Ostara, the Spring Equinox, is always especially beautiful here in Sonoma County, California.  This year seems especially nice.  Winter’s rains have been lighter than we would like, but they have been gentle and well timed.  My farmer friends with whom I’ve spoken are feeling good.   Warming temperatures and longer days have brought forth the first abundant flowers, especially the wild mustard that makes it seem as if our craggy valley oaks and vineyards have their feet awash in bright yellow paint.  The threats from frost are virtually over. 

Our season and Ostara’s symbolism are in perfect harmony.


Wiccan Sabbats celebrate our Wheel of the Year, and the Wheel of the Year, like the phases of the moon, symbolize to us the stages of life, from birth to death to rebirth.  Four Sabbats are “Greater Sabbats” originally linked with Celtic agricultural cycles: Brigit, Beltane, Lammas, and Samhain.  The other four “cross quarter” Sabbats are correlated with the cycles of the solar year, the solstices and equinoxes.  On the 21st of this month, Witches and many other Pagans will celebrate Ostara, the Spring Equinox.

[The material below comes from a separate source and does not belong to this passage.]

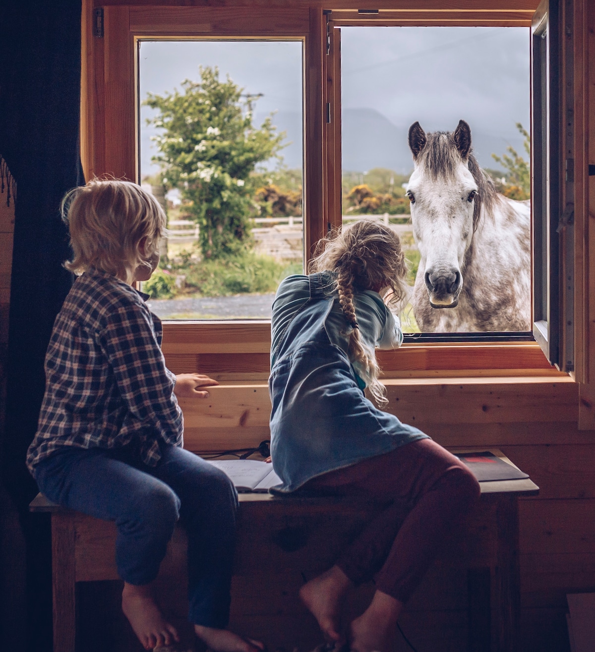 Tranquillity meets luxury glamping in our stunning IgluCabin, perched high in the hills near Geevagh, 20 mins from Sligo town. Sitting above the valley we are always stunned by the silence and sunsets that bless our location. The pod itself is beautifully designed in shiplap wood, the interior offers a cosy bedroom area, a kitchen with smart use of space, a living and dining area with lots of natural light from a panoramic window and a bathroom with shower. Traditional craftwork inside and out.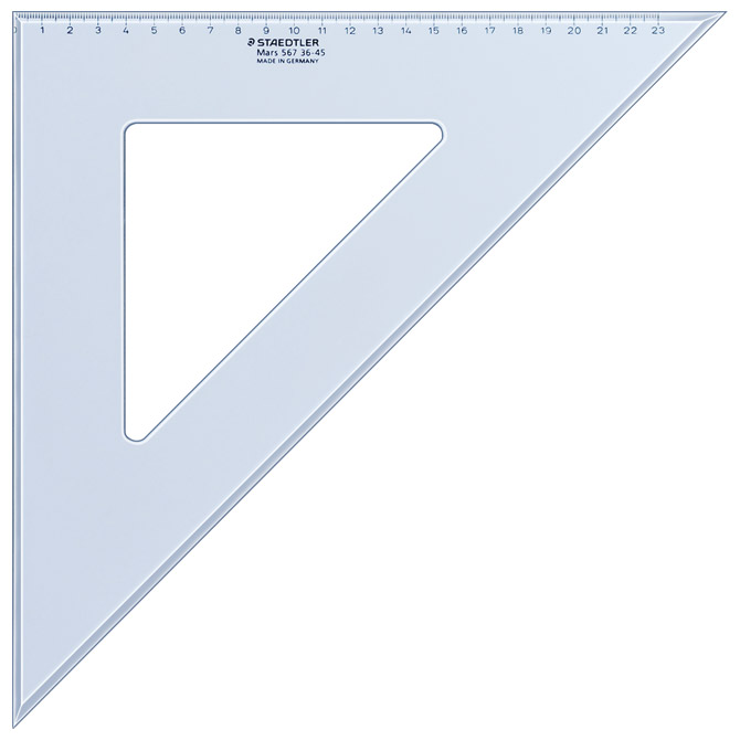 Detalji: 36 cm;jednakokračan (za crtanje sa kutovima 45°); PVC; sa mjernom skalom (podjela po 1 mm); počinje odmah na rubu mjerne strane; sa zaoštrenim rubom za precizniju upotrebu

Equinoxes are times of balance between day and night, light and darkness.  But the balance is dynamic, lasting a day, before shifting into playing a role in that greater balance that is the Wheel of the Year.  For me this sense of balance should be the dominant theme of either Ostara, or Mabon, the Fall Equinox.  But they are very different Sabbats otherwise, for after Ostara the light will continue to grow, whereas after Mabon, it is darkness that increases.


There is another aspect of balance that comes to mind as a am mulling this post over, that between the universal and the concrete.  Solar Sabbats are universal, the Greater Sabbats are specific to time and place.  Together, they balance the universal with the variety that is local.  So while I think it is important to make sure Greater Sabbats are strongly connected with where we live, it is not as important for the Cross Quarter ones.

With these thoughts in mind, I have a few ideas for celebrating Ostara I want to share.  All are suitable for Solitaries.
1.    On my altar I will have 4 candles.  I will light two, and with sundown, light another.  I have tried to figure out a simple but visually beautiful way of symbolizing Sabbats and their meaning, and here is my scheme into which this simple observance fits.

Yule – 1 candle lit during ritual.  
Imbolc – 1 candle lit, a second during the ritual.
Ostara – 2 candles lit, a third lit at end of ritual or at sunset.
Beltane – 3 candles, one lit during ritual, making 4.
Midsummer – 4 candles, one extinguished at end of ritual.
Lammas – 3 candles, one extinguished during ritual.
Mabon – 2 candles, one extinguished at sunset or end of ritual.
Samhain – 1 candle lit, but extinguished during ritual.


2. I will fill my place with local flowers.  I just spoke with a friend in Maine.  The garden I helped plant still looks like a snow drift.  Maybe the willows are changing their color as the sap tentatively rises, making for a good altar decoration.  If not, it’s good that this is a solar Sabbat!

3 I will watch the dawn, and do some invocations and prayers while I do it.  Ostara is said to have been a Goddess of the Dawn as well as spring, so this is fitting, although very little is known of Her.  If I was in Fairbanks, I might let this slide.

4. In Pagan times eggs and hares were associated with the creation of life and fertility, for obvious reasons.  While it seems all folklore of ancient provenance has disputed origins, regardless of how these customs arose and survived, they are perfectly fitted for symbolizing this time, when almost everywhere spring has arrived or is coming soon.  Dyeing the eggs in Spring-time colors, and having a good old fashioned Ostara Egg hunt is a wonderful thing for kids.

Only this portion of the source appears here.